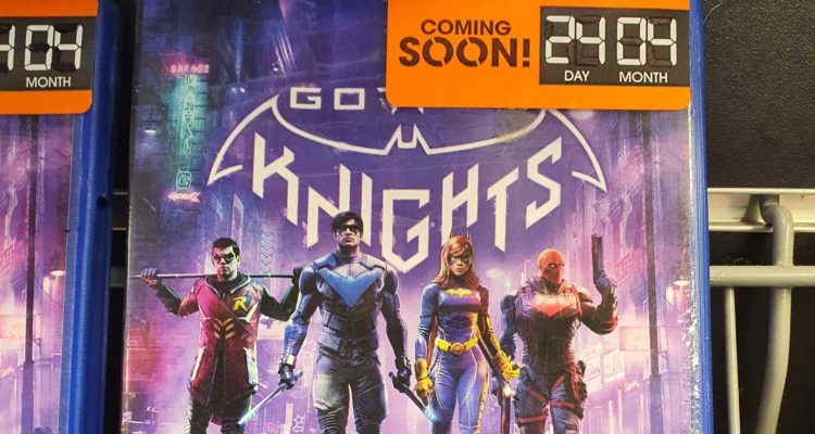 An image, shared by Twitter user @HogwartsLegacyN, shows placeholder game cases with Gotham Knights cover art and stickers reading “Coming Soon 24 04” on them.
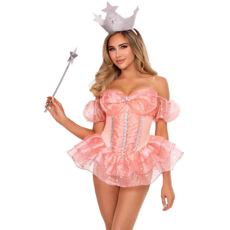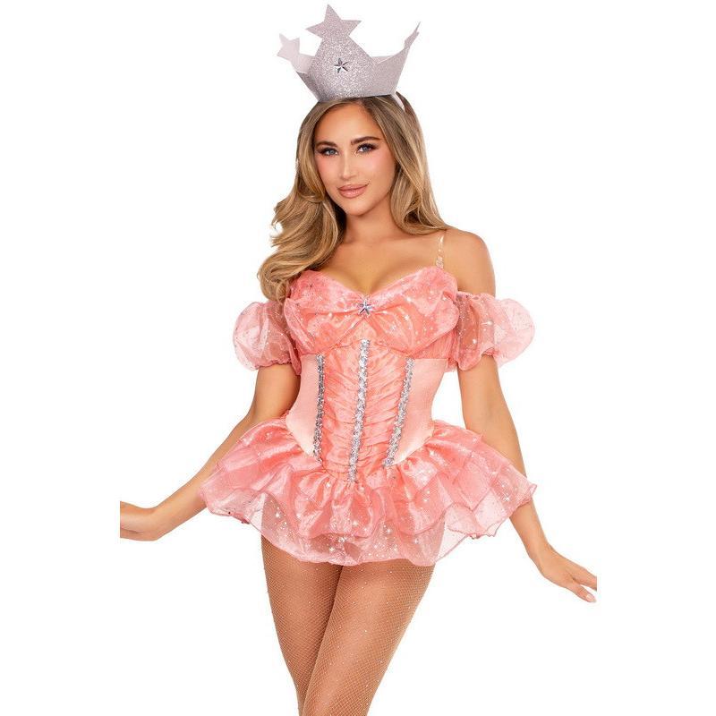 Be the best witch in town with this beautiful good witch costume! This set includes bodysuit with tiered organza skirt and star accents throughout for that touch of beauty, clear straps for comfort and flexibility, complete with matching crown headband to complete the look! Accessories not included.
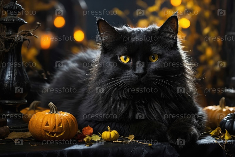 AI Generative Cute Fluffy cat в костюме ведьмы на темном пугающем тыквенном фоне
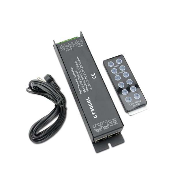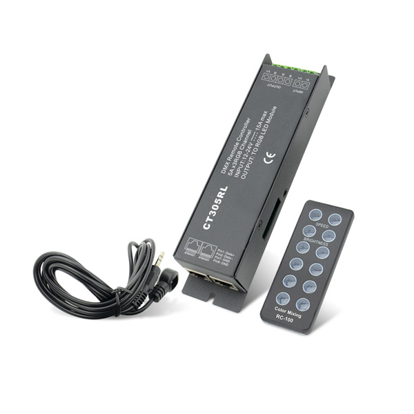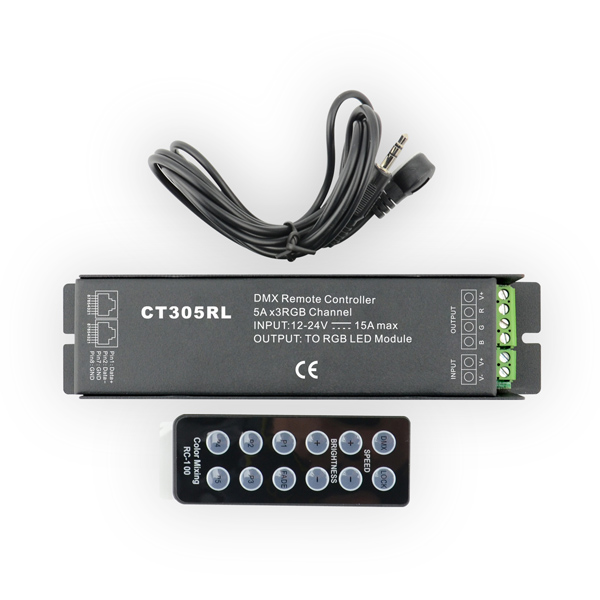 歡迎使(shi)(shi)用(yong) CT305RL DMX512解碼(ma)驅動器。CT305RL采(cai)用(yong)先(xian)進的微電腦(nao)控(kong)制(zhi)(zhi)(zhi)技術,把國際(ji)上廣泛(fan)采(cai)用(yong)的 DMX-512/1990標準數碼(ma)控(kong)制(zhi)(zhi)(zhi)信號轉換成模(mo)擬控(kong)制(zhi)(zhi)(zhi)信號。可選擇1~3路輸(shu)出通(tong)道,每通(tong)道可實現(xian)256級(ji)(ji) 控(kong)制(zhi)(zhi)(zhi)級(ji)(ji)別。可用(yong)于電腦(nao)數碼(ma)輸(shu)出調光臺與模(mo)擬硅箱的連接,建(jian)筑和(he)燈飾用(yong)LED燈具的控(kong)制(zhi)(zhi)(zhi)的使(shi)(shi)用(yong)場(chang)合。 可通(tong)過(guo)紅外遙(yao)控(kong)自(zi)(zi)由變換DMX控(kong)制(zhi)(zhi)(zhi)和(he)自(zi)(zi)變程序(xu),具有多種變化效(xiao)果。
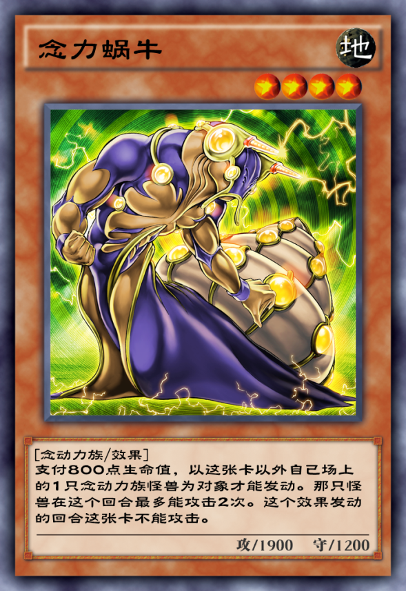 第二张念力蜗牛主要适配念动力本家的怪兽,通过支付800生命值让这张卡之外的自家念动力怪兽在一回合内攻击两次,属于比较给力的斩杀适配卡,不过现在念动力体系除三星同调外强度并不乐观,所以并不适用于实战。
---+---
What you should do ->
The lines wanted are those from the start of the material above through the line with "AI Generative Cute", both included; print them exactly and skip any picture.

Answer space ->
 An image, shared by Twitter user @HogwartsLegacyN, shows placeholder game cases with Gotham Knights cover art and stickers reading “Coming Soon 24 04” on them.
 Be the best witch in town with this beautiful good witch costume! This set includes bodysuit with tiered organza skirt and star accents throughout for that touch of beauty, clear straps for comfort and flexibility, complete with matching crown headband to complete the look! Accessories not included.
 AI Generative Cute Fluffy cat в костюме ведьмы на темном пугающем тыквенном фоне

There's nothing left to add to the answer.